Checking if an integral converges (or diverges) using dimensional analysis

Question

Cross posted at Math.SE

I have been watching some online lectures, and the lecturer uses dimensional analysis to make claims such as the following:

Consider the integral \begin{equation} I(\xi, d) = \int_0^\xi \frac{\mathrm{d}^\mathrm{d}q}{(2\pi)^d} \frac{1}{q^2(q^2+1)}\quad\text{where}\quad q=|\boldsymbol{q}|. \end{equation}

It is claimed that

1. The "measure of the integral" is $\xi^{d-4}$, hence $I$ is a constant for $2<d<4$ in the limit $\xi\to\infty$
2. Using the above, $I$ diverges with $\xi$ for $d>4$
3. When $d=4$ (then"marginal case"), $I\sim\log(\xi)$

I recognise that these claims are imprecise: but that's exactly my question!

1. How is such dimensional analysis used to determine the convergence or lack thereof of integrals in arbitrary dimension $d$?

2. What does the "measure of the integral" mean?

3. Furthermore, how do we know that there is no divergence due to the singularity at the origin?

EDIT

I'm accepting Qmechanic ♦'s answer below.

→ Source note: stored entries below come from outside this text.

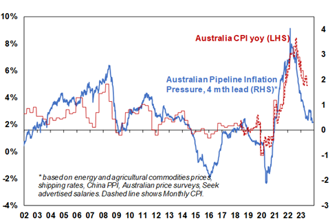 Consistent with this, our Australian Pipeline Inflation Indicator points to a further fall in inflation ahead.
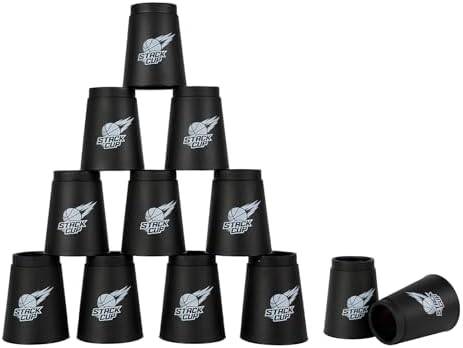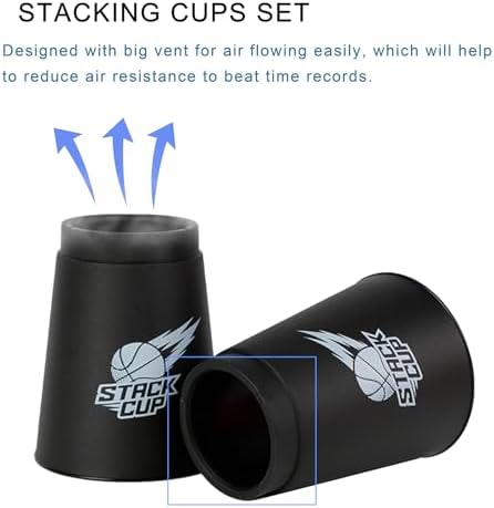 SEISSO Quick Stacking Cups, Stacking Cup Set Classic Stack Training Game Toys,12PCS Black Stacking Cup Set for Boys Girls Kids
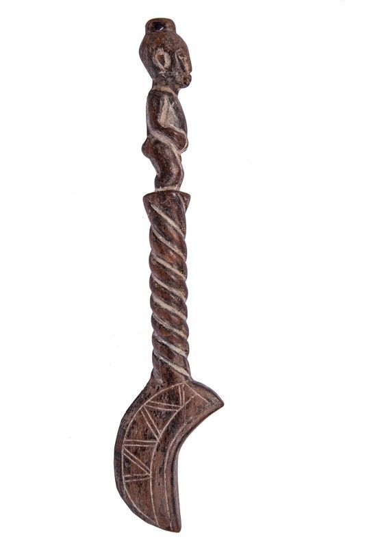 Legno intagliato. cm 35x8x3. Martello rituale Agni dove l'impugnatura è scolpita per rappresentare un uomo, mentre il collo dell'oggetto è lavorato a spirale.
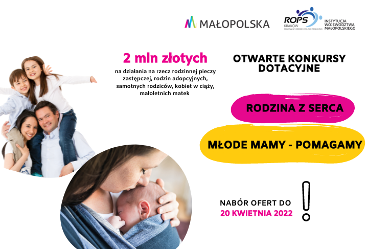 Samorząd Województwa Małopolskiego realizuje politykę ukierunkowaną na wsparcie rodziny rozumianej nie tylko jako rodzina biologiczna, ale także zastępcza czy adopcyjna, otaczająca opieką dzieci potrzebujące szczególnej pomocy i wsparcia. 29 marca 2022 r. zostały uruchomione środki w ramach dwóch otwartych konkursów ofert: „Rodzina z Serca” i „Młode Mamy – Pomagamy!”. Oba konkursy mają na celu wsparcie małopolskich rodzin, uwzględniające ich […]
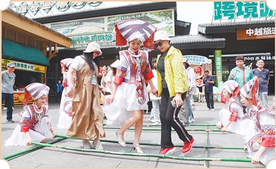 游客在中越德天(板約)瀑布跨境旅游合作區(qū)體驗(yàn)民俗。
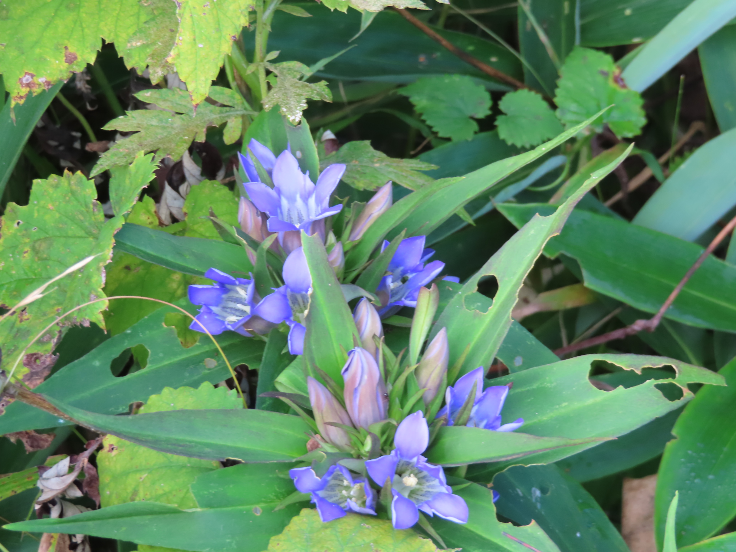 リンドウは、よく見ると茂みの中にたくさん咲いています。
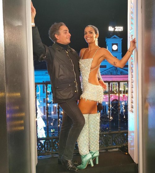 Cristina Pedroche posa junto a su asesor y estilista José Fernández Pacheco, Josie, en el balcón de Antena 3 para las Campanadas.
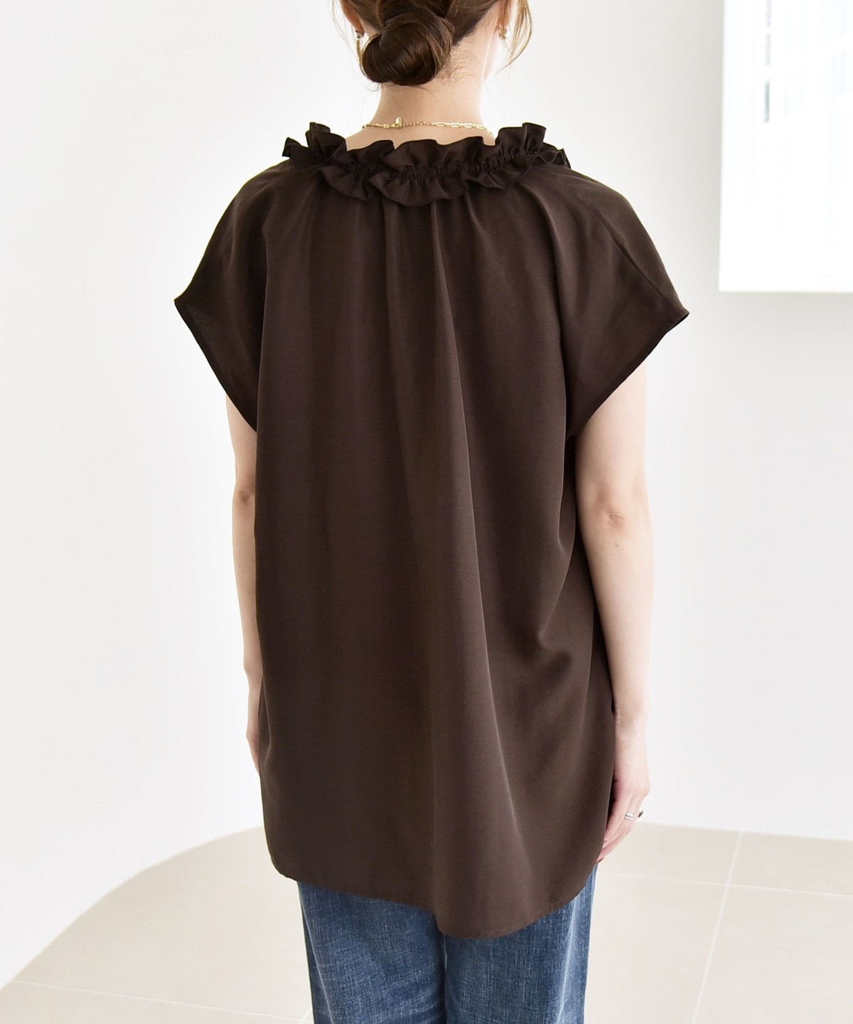 一枚ではもちろん、秋口にはジャケットやカーディガンからフリル襟を覗かせたレイヤードスタイルもおすすめ。
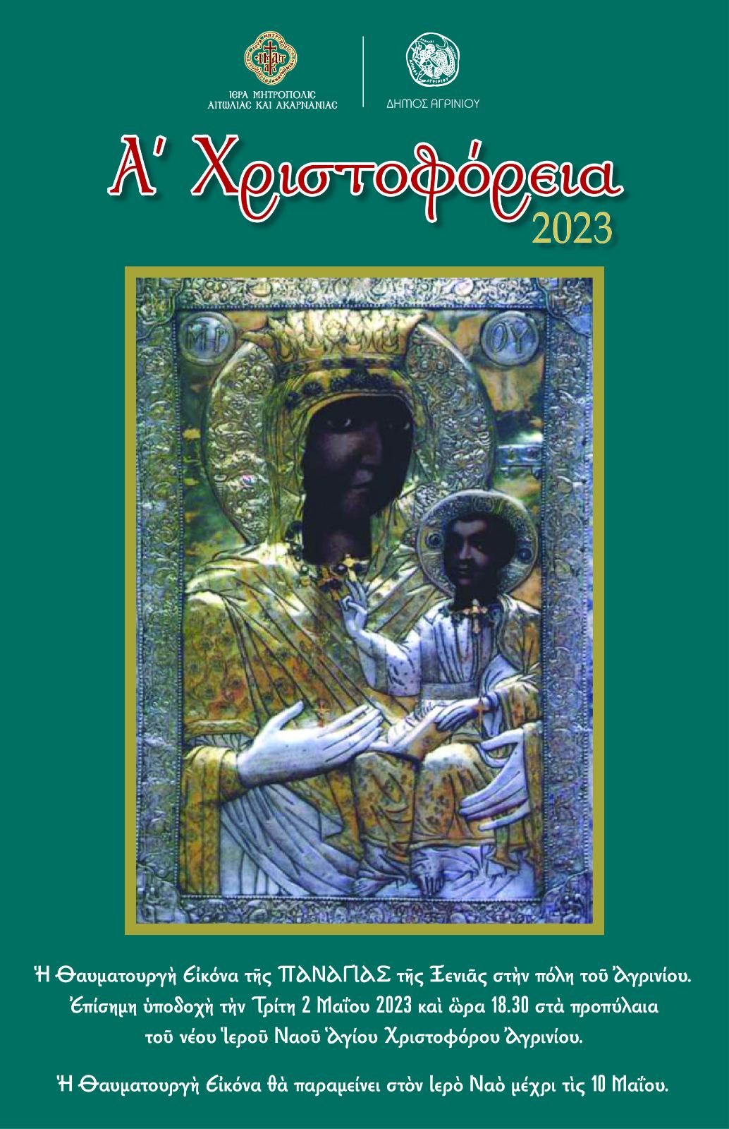 Η επίσημη υποδοχή της Ιεράς και Θαυματουργού Εικόνος θα πραγματοποιηθεί την Τρίτη 2 Μαΐου 2023 και ώρα 18:30’ από τον Σεβασμιώτατο Μητροπολίτη Αιτωλίας και Ακαρνανίας κ. κ. Δαμασκηνό, στα προπύλαια του νέου Ιερού Ναού του Αγίου Χριστοφόρου.
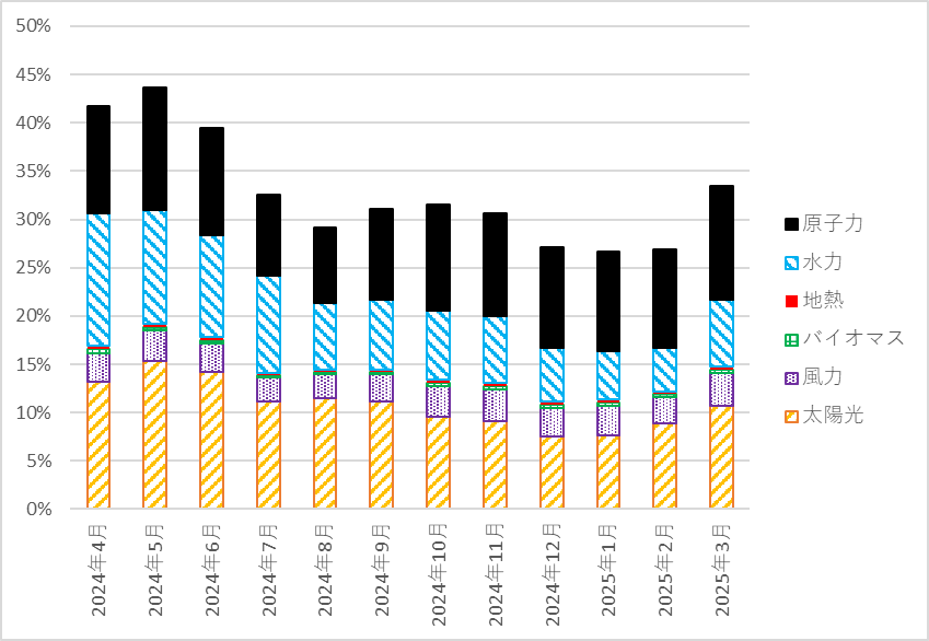 図2: 日本国内の全発電電力量に占める月別の自然エネルギーの割合(2024年度)
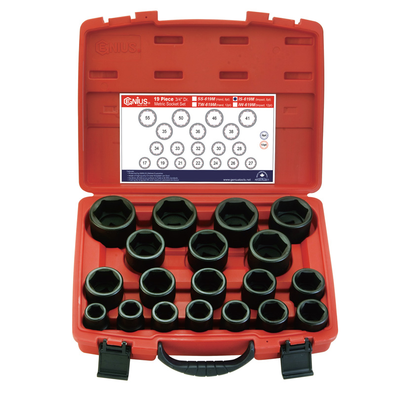 天赋工具 Geniustools3/4" 系列19件套公制气动套筒组IS-619M ,内包含气动套筒为铬钼钢材质,电脑控制“真空”热处理,深度淬火,硬度高,耐磨耐腐蚀,表面炭黑磷化,防腐防锈。圆弧内角设计,减少磨损。天赋工具红色塑箱套装 ,每个凹槽摆放对应规格型号工具,快速收纳,存取方便,不易丢失。广泛应用于各类机修装配、汽修、电力,石油,矿产等领域的设备维护。具体规格参数如下:
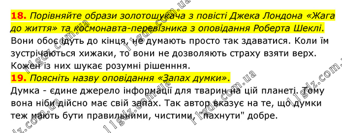 18. Порівняйте образи золотошукача з повісті Джека Лондона «Жага до життя» та космонавта-перевізника з оповідання Роберта Шеклі. Вони обоє ідуть до кінця, не думають просто так здаватися. Коли їм зустрічаються хижаки, то вони не дозволяють страху взяти верх. Кожен із них шукає розумні рішенння. 19. Поясніть назву оповідання «Запах думки». Думка - єдине джерело інформації для тварин на цій планеті. Тому вона ніби дійсно має свій запах. Так автор вказує на те, що думки теж мають бути правильними, чистими, "пахнути" добре.
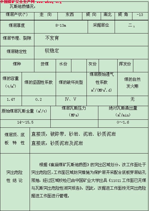 11011工作面已由中国矿业大学对该工作面进行了区域校检,另出具了《11011工作面已无煤与瓦斯突出危险性消突报告》,该工作面已无煤与瓦斯突出危险性,因此,11011工作面煤巷掘进期间执行超前探测、区域验证防突措施。若在掘进或施工措施孔期间遇异常情况(喷孔、夹钻等),工作面以采取本煤层顺层条带钻孔补充区域防突措施为主或以工作面浅孔抽放局部防突措施为主。
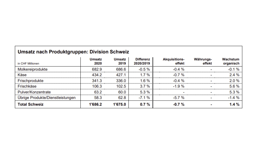 Chile und Tunesien waren Corona-bedingt hauptverantwortlich für die einerseits deutlich höhere Nachfrage nach Basisprodukten mit positiven Auswirkungen auf das Segment Molkereiprodukte (organisch: 12.3 %) und andererseits Einbussen im Segment Frischprodukte (organisch: -2.7 %). Im Segment Frischkäse (organisch: 2.7 %) konnte das Wachstum in Brasilien und bei Redwood Hill in Kalifornien die wiederum Corona-bedingten Einbussen beim Handelsgeschäft von Mexideli ausgleichen.
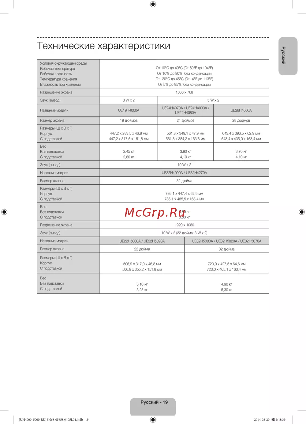 Samsung UE24H4080AU [19/100] Технические характеристики
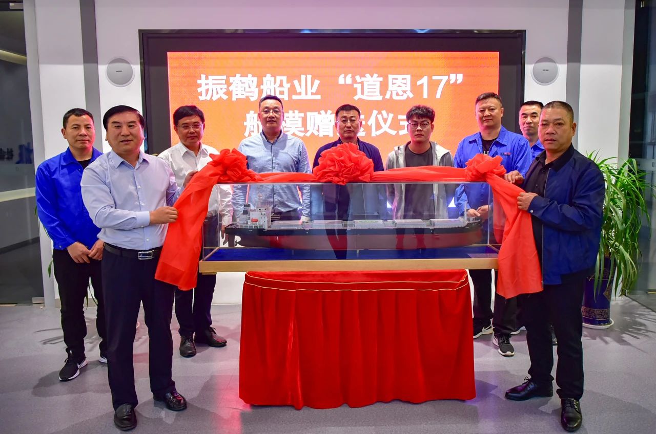 10月8日,寧波振鶴船業(yè)公司向道恩集團贈送“道恩17”輪船模儀式在道恩集團總部舉行,龍口市副市長趙樹杰,寧波振鶴船業(yè)公司董事長嚴星聰,道恩集團董事長于曉寧、副總裁宋慧東、分管領導解總、道恩國際物流公司總經(jīng)理韓永衛(wèi)出席活動。

For a purely mathematical answer (which I found very clear), see the linked Math.SE cross post.

Answer 1

Here we try to give a conceptional (rather than a computational) answer to OP's 3 questions:

1. The relevant notion is the superficial degree of (UV) divergence $D$, see e.g. my related Phys.SE answer here.

2. The measure of the integral usually refers to $\mathrm{d}^\mathrm{d}q$. It seems the lecturer instead means that the measure of the integral is $\xi^D$, which is nonstandard terminology.

3. Infrared (IR) singularities from massless fields are often regularized by giving them a small mass. (Also we assume that the integral has been Wick-rotated to Euclidean signature.) In OP's integral the possible IR singularity is the reason for the mentioned lower bound $d>2$.